▶

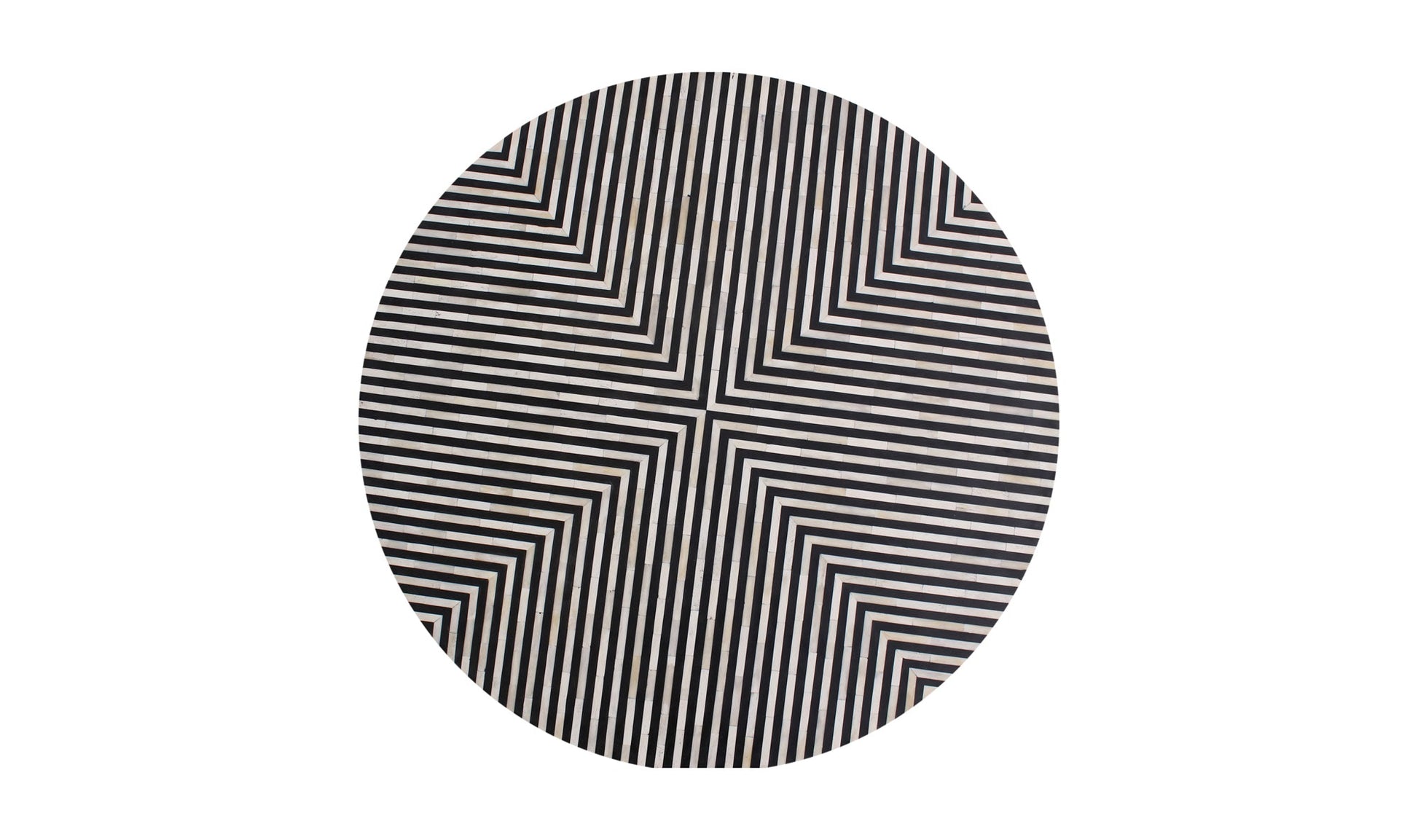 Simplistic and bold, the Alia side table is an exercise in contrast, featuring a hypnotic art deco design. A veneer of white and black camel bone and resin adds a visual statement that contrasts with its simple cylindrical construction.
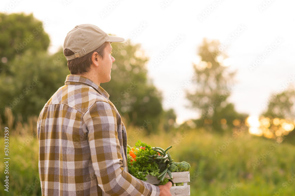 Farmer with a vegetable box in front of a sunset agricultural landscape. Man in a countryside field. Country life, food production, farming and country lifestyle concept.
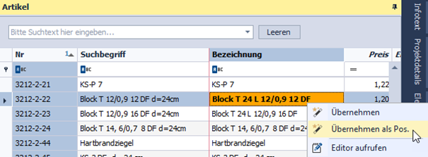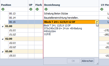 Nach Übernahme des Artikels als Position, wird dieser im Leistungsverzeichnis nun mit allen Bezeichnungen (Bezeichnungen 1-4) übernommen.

◀

## Work request
Produce the material above again in full, with identical lines and no pictures.

## Written answer
 Simplistic and bold, the Alia side table is an exercise in contrast, featuring a hypnotic art deco design. A veneer of white and black camel bone and resin adds a visual statement that contrasts with its simple cylindrical construction.
 Farmer with a vegetable box in front of a sunset agricultural landscape. Man in a countryside field. Country life, food production, farming and country lifestyle concept.
 Nach Übernahme des Artikels als Position, wird dieser im Leistungsverzeichnis nun mit allen Bezeichnungen (Bezeichnungen 1-4) übernommen.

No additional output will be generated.